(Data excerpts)

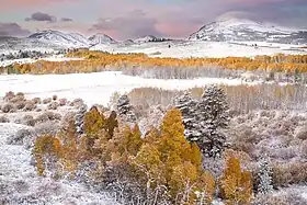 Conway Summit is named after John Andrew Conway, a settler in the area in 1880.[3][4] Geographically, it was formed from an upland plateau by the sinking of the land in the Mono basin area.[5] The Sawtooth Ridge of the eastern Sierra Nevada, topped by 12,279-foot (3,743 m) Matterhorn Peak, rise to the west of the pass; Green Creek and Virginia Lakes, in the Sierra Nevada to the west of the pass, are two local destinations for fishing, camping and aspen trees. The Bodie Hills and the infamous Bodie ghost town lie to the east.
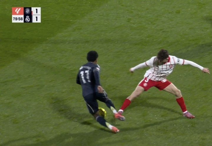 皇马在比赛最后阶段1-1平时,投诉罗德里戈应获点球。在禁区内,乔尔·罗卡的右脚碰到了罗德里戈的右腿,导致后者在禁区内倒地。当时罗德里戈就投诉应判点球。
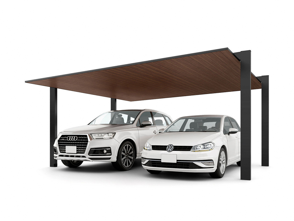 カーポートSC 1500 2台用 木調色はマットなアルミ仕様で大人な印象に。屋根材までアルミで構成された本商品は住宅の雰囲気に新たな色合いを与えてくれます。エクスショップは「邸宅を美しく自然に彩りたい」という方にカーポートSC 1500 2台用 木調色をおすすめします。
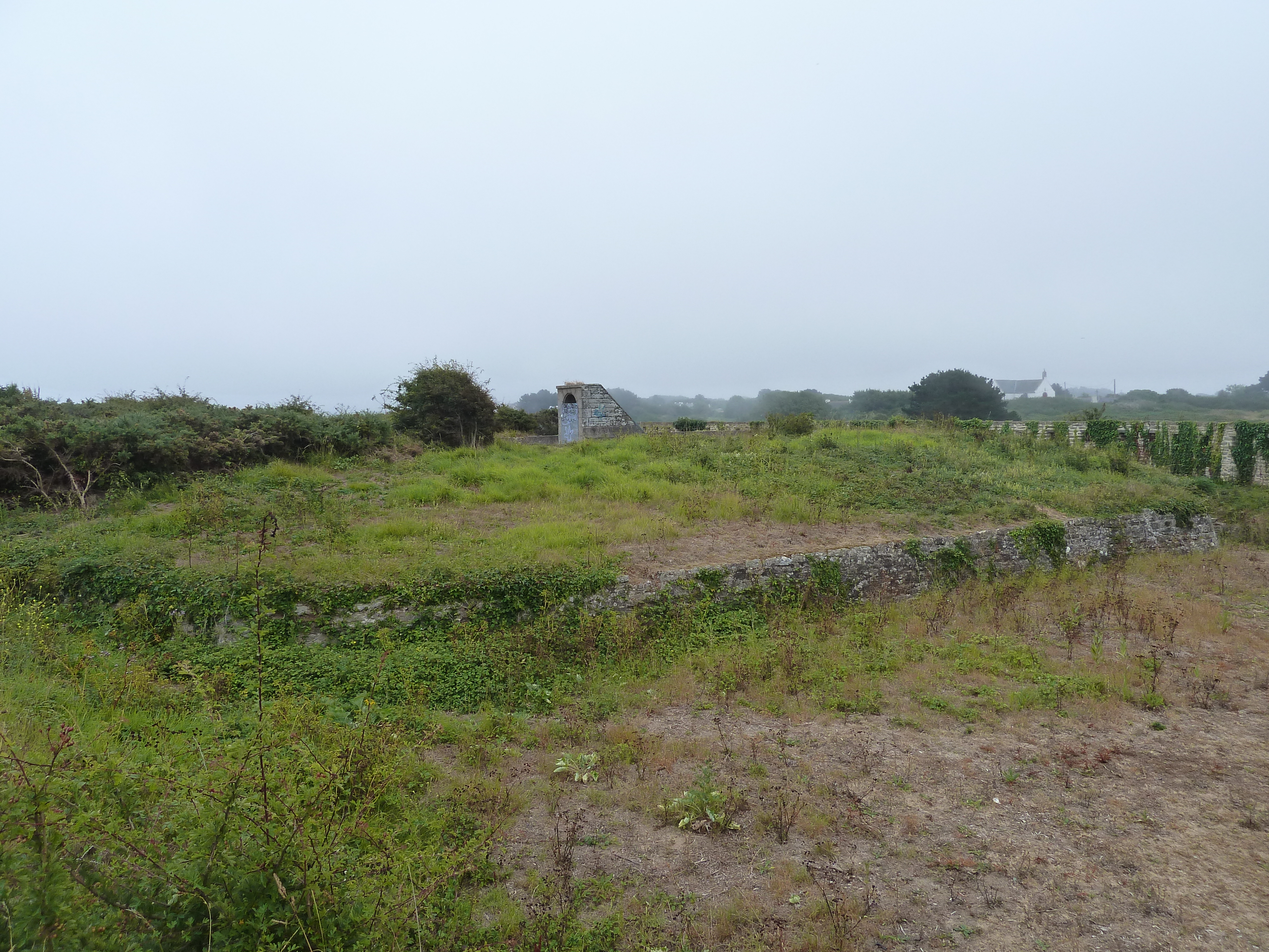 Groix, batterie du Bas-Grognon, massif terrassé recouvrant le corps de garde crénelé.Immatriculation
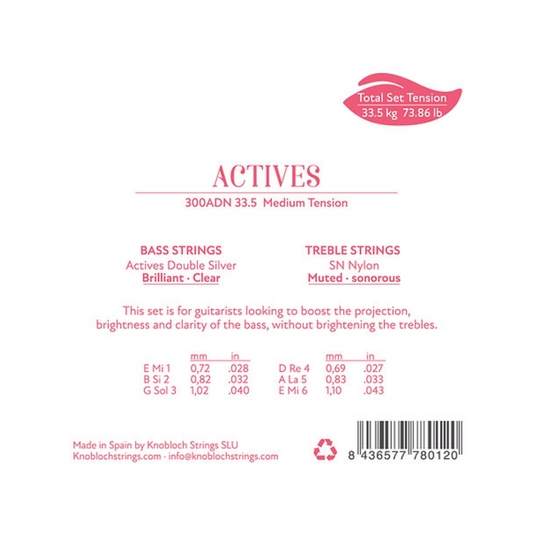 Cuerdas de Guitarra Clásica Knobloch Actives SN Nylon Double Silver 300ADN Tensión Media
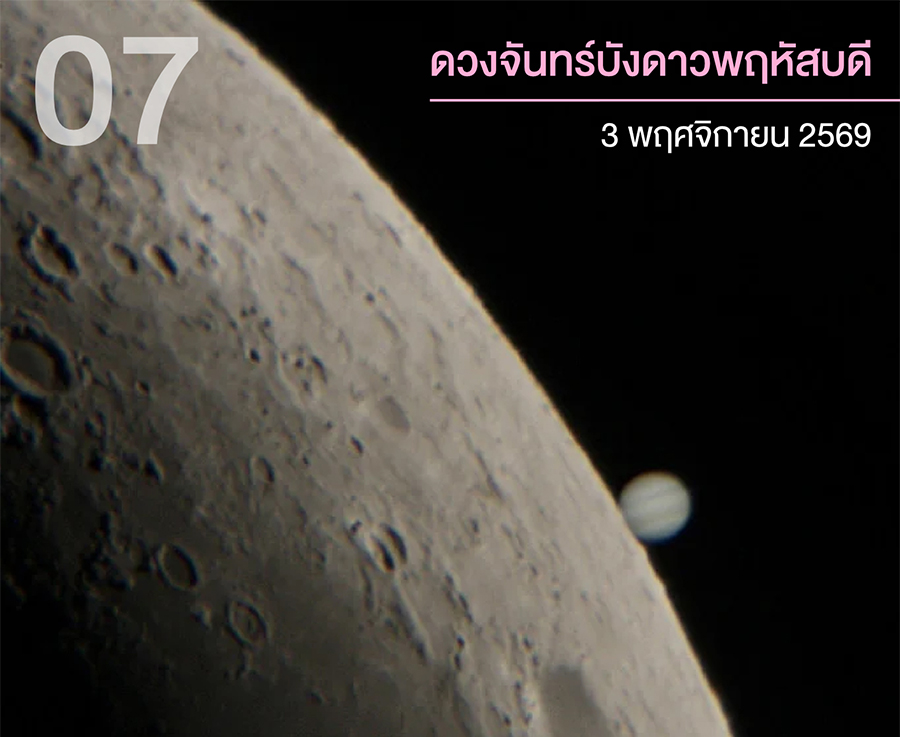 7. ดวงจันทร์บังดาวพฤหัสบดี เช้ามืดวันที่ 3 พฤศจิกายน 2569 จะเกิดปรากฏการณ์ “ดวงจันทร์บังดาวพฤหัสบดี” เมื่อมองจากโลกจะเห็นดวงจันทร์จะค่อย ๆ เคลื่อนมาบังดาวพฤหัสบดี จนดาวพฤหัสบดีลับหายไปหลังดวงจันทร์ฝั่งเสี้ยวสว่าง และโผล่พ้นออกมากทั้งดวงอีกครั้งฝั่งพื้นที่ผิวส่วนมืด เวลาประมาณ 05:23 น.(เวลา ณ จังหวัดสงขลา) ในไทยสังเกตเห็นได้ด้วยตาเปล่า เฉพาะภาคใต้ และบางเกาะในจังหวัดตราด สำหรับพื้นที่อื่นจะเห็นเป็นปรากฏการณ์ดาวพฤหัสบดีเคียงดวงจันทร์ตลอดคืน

Problem requirements :: Each line above must be repeated exactly in the answer, with pictures omitted.

Response area ::
 Conway Summit is named after John Andrew Conway, a settler in the area in 1880.[3][4] Geographically, it was formed from an upland plateau by the sinking of the land in the Mono basin area.[5] The Sawtooth Ridge of the eastern Sierra Nevada, topped by 12,279-foot (3,743 m) Matterhorn Peak, rise to the west of the pass; Green Creek and Virginia Lakes, in the Sierra Nevada to the west of the pass, are two local destinations for fishing, camping and aspen trees. The Bodie Hills and the infamous Bodie ghost town lie to the east.
 皇马在比赛最后阶段1-1平时,投诉罗德里戈应获点球。在禁区内,乔尔·罗卡的右脚碰到了罗德里戈的右腿,导致后者在禁区内倒地。当时罗德里戈就投诉应判点球。
 カーポートSC 1500 2台用 木調色はマットなアルミ仕様で大人な印象に。屋根材までアルミで構成された本商品は住宅の雰囲気に新たな色合いを与えてくれます。エクスショップは「邸宅を美しく自然に彩りたい」という方にカーポートSC 1500 2台用 木調色をおすすめします。
 Groix, batterie du Bas-Grognon, massif terrassé recouvrant le corps de garde crénelé.Immatriculation
 Cuerdas de Guitarra Clásica Knobloch Actives SN Nylon Double Silver 300ADN Tensión Media
 7. ดวงจันทร์บังดาวพฤหัสบดี เช้ามืดวันที่ 3 พฤศจิกายน 2569 จะเกิดปรากฏการณ์ “ดวงจันทร์บังดาวพฤหัสบดี” เมื่อมองจากโลกจะเห็นดวงจันทร์จะค่อย ๆ เคลื่อนมาบังดาวพฤหัสบดี จนดาวพฤหัสบดีลับหายไปหลังดวงจันทร์ฝั่งเสี้ยวสว่าง และโผล่พ้นออกมากทั้งดวงอีกครั้งฝั่งพื้นที่ผิวส่วนมืด เวลาประมาณ 05:23 น.(เวลา ณ จังหวัดสงขลา) ในไทยสังเกตเห็นได้ด้วยตาเปล่า เฉพาะภาคใต้ และบางเกาะในจังหวัดตราด สำหรับพื้นที่อื่นจะเห็นเป็นปรากฏการณ์ดาวพฤหัสบดีเคียงดวงจันทร์ตลอดคืน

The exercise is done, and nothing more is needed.